What the exercise asks:
Here is the task for the listing below: output exactly the lines from the one containing "Planche à dessin" through the one containing "Мат ППЭ/НПЭ —", and leave out the pictures.

Provided entries:

=== Section Start ===

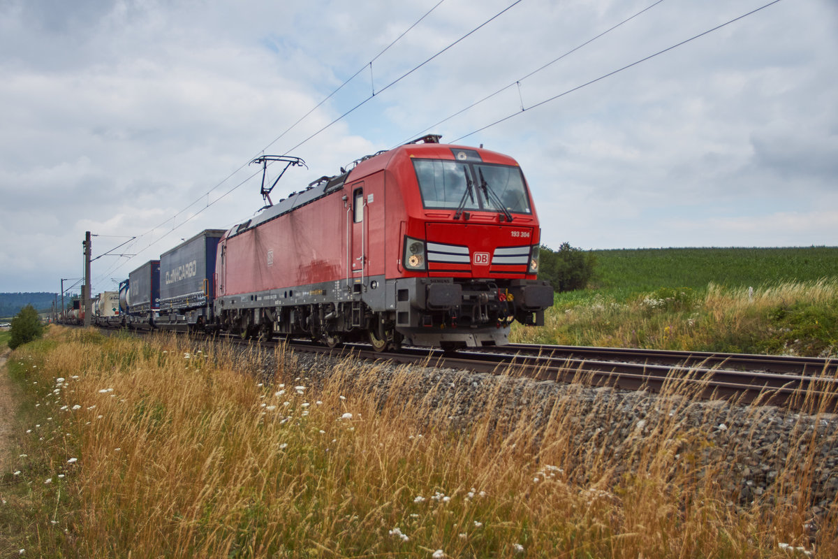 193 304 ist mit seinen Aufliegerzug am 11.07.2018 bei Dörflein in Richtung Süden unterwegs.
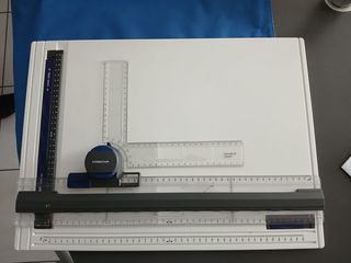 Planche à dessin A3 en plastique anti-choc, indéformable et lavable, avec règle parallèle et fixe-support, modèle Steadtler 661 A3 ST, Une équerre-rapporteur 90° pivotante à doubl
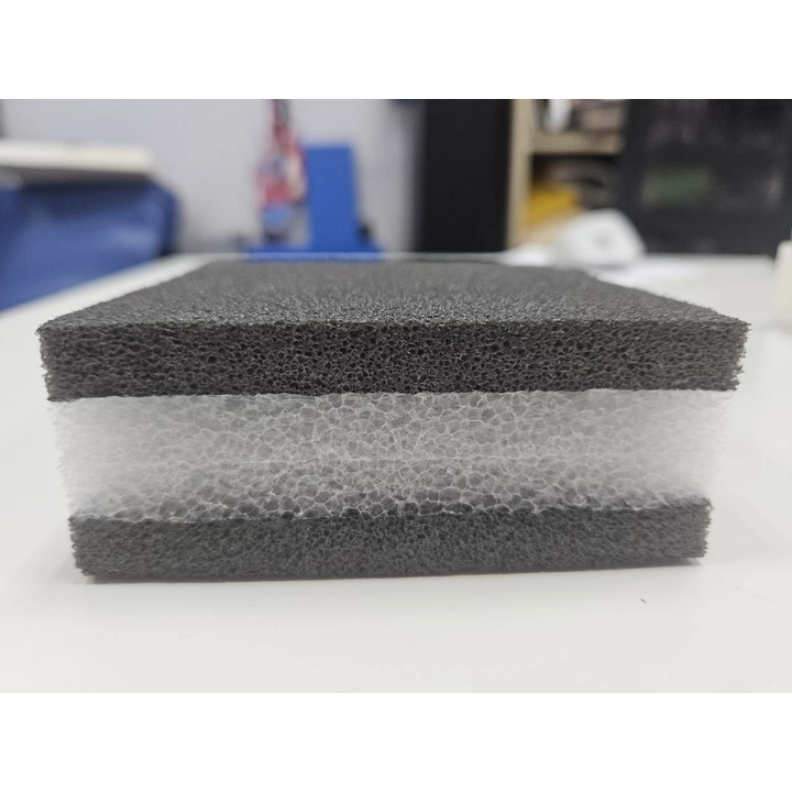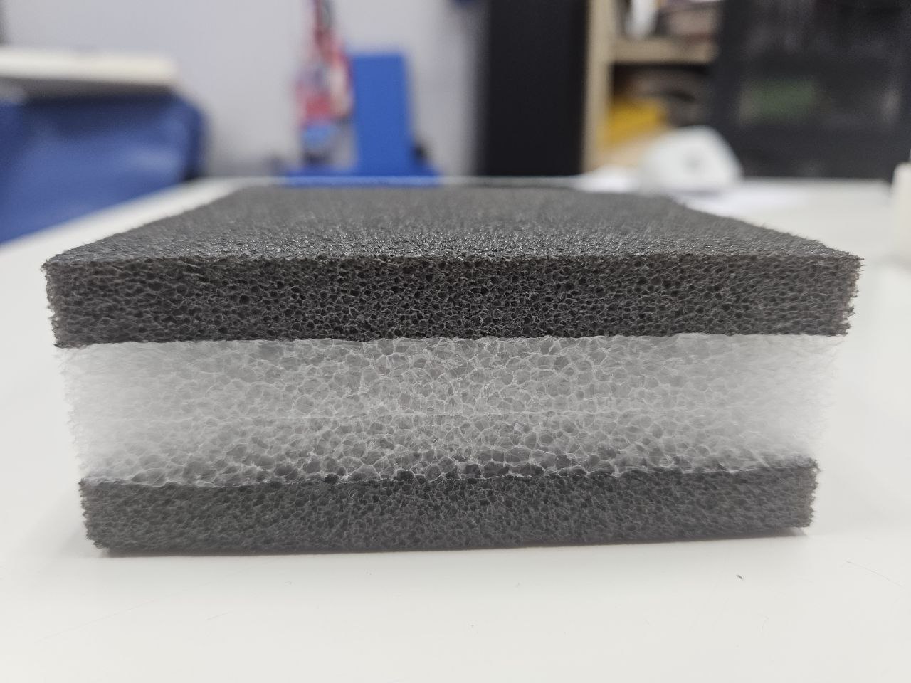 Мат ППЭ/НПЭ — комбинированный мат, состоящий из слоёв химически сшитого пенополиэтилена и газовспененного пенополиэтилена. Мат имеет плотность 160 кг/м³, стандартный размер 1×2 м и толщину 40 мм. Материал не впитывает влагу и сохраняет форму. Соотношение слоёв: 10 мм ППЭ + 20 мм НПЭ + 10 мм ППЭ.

=== Section End ===
=== Section Start ===

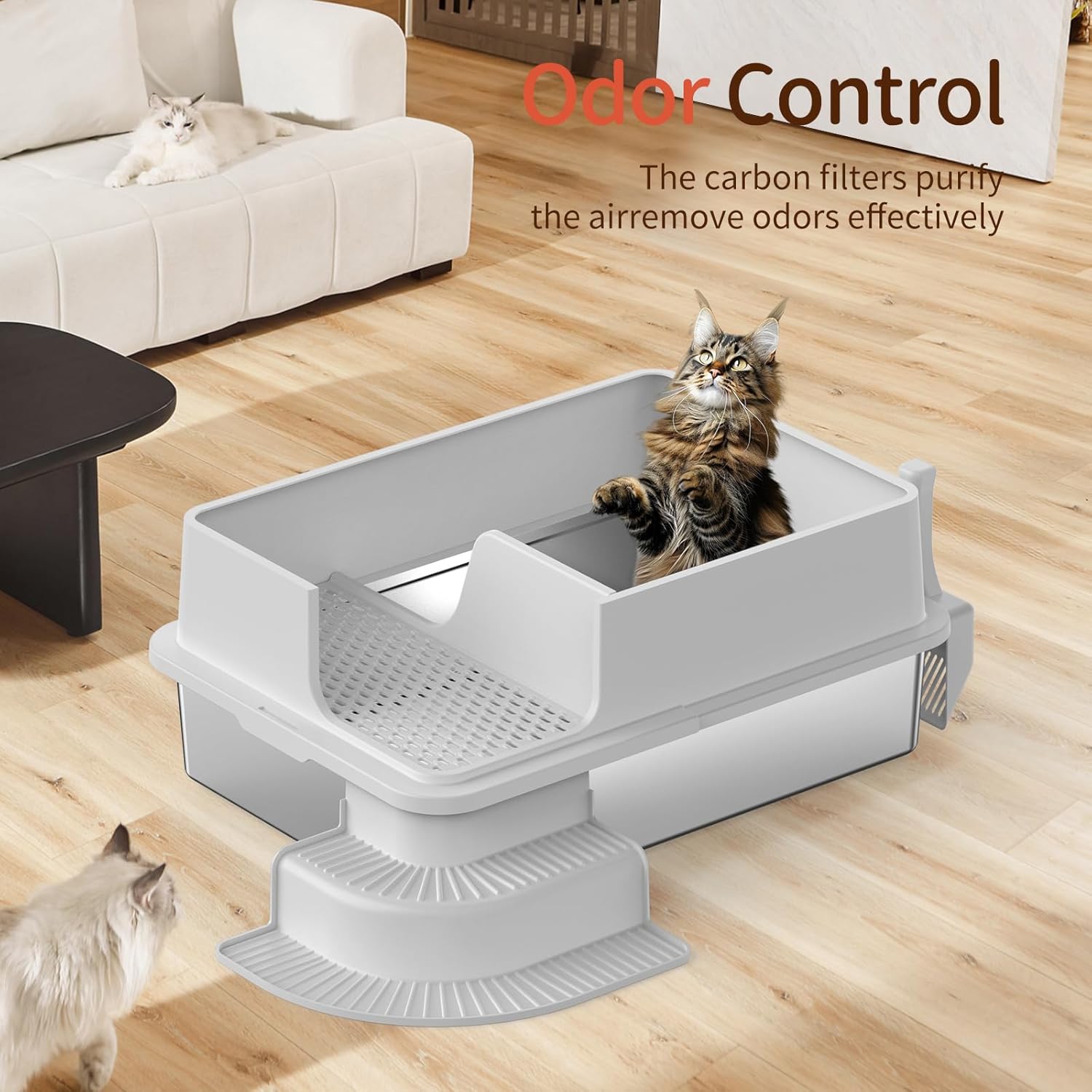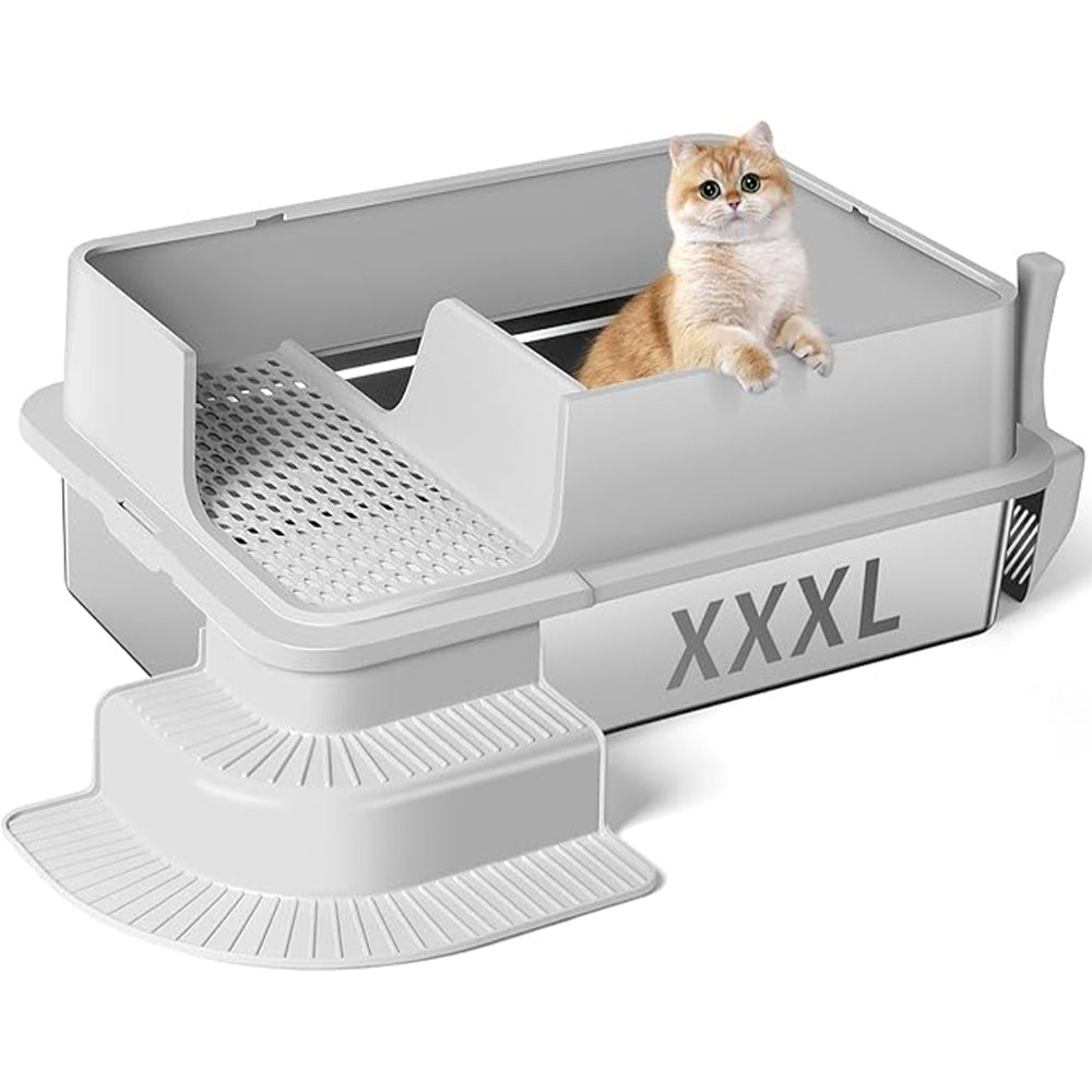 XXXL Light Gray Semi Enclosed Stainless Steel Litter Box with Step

=== Section End ===

Result of the task:
 Planche à dessin A3 en plastique anti-choc, indéformable et lavable, avec règle parallèle et fixe-support, modèle Steadtler 661 A3 ST, Une équerre-rapporteur 90° pivotante à doubl
 Мат ППЭ/НПЭ — комбинированный мат, состоящий из слоёв химически сшитого пенополиэтилена и газовспененного пенополиэтилена. Мат имеет плотность 160 кг/м³, стандартный размер 1×2 м и толщину 40 мм. Материал не впитывает влагу и сохраняет форму. Соотношение слоёв: 10 мм ППЭ + 20 мм НПЭ + 10 мм ППЭ.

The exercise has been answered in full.